I'm working on a university project related to studying how Kubernetes scaling works but I have been facing an issue: I have a cluster with one master node (for control plane) and one edge node and I have enabled HPA on a deployment I created, named stress-app, below is the deployment and service YAML files, respectively:
stress-app-deployment.yaml:
apiVersion: apps/v1
kind: Deployment
metadata:
name: stress-app
spec:
replicas: 1
selector:
matchLabels:
app: stress-app
template:
metadata:
labels:
app: stress-app
spec:
containers:
- name: stress-app
image: annis99/stress-app:v0.2
imagePullPolicy: Always
ports:
- containerPort: 8081
resources:
requests:
cpu: 0.5
memory: 100Mi
stress-app-service.yaml
apiVersion: v1
kind: Service
metadata:
name: stress-app-service
spec:
selector:
app: stress-app
ports:
- protocol: TCP
port: 8081
targetPort: 8081
type: LoadBalancer
The app is a simple API built with FastAPI with one endpoint '/workload/cpu', which when called create a fake CPU load using the stress-ng CLI tool.
The app works fine, however, when I try to load-test the cluster to see the HPA scaling, it scales up to 8 replicas sometimes, but only one replica of the pod handles most requests, causing high CPU spikes for the node hosting that replica. I have also checked that other replicas are running and not in a pending state.

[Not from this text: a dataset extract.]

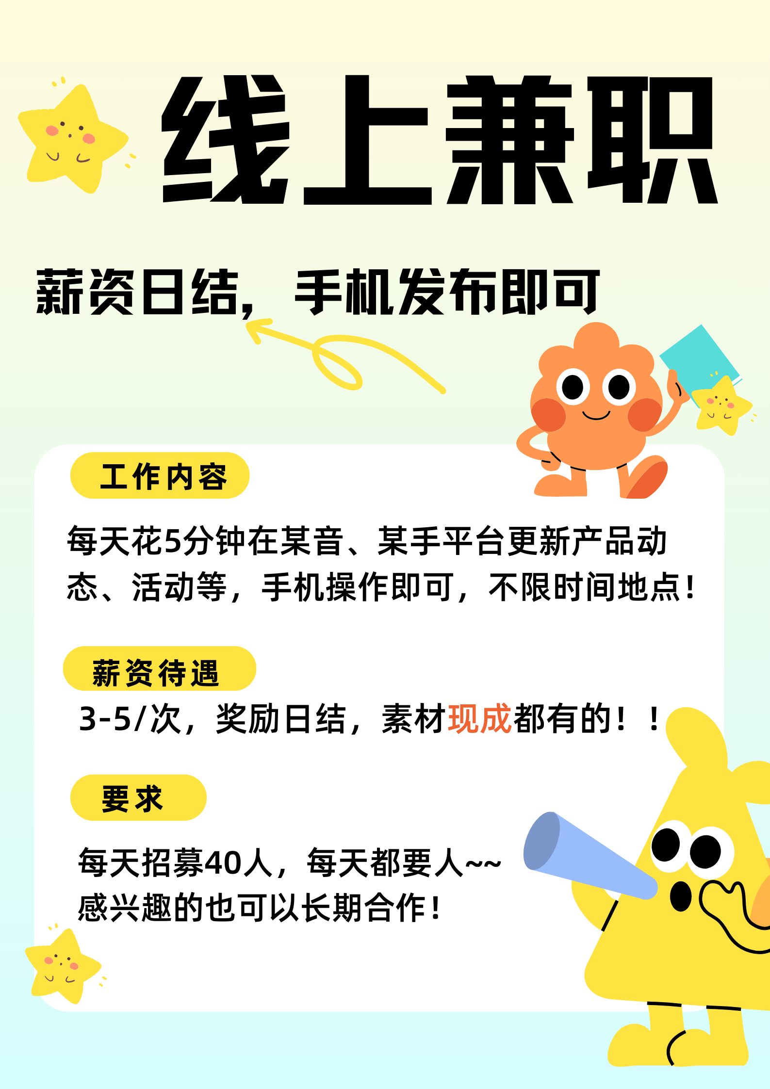 | 日结线上兼职,长期可做,轻松赚取100米 |

I have noticed this when trying with JMeter, Locust and K6 load testing tools, by setting keep-alive to False, however, when I try with the browser (Google Chrome) by opening several tabs and requesting that endpoint simultaneously, more replicas are involved and process the requests resulting in a fairer distribution of the workload. Any ideas why this happens with sophisticated load-testing tools?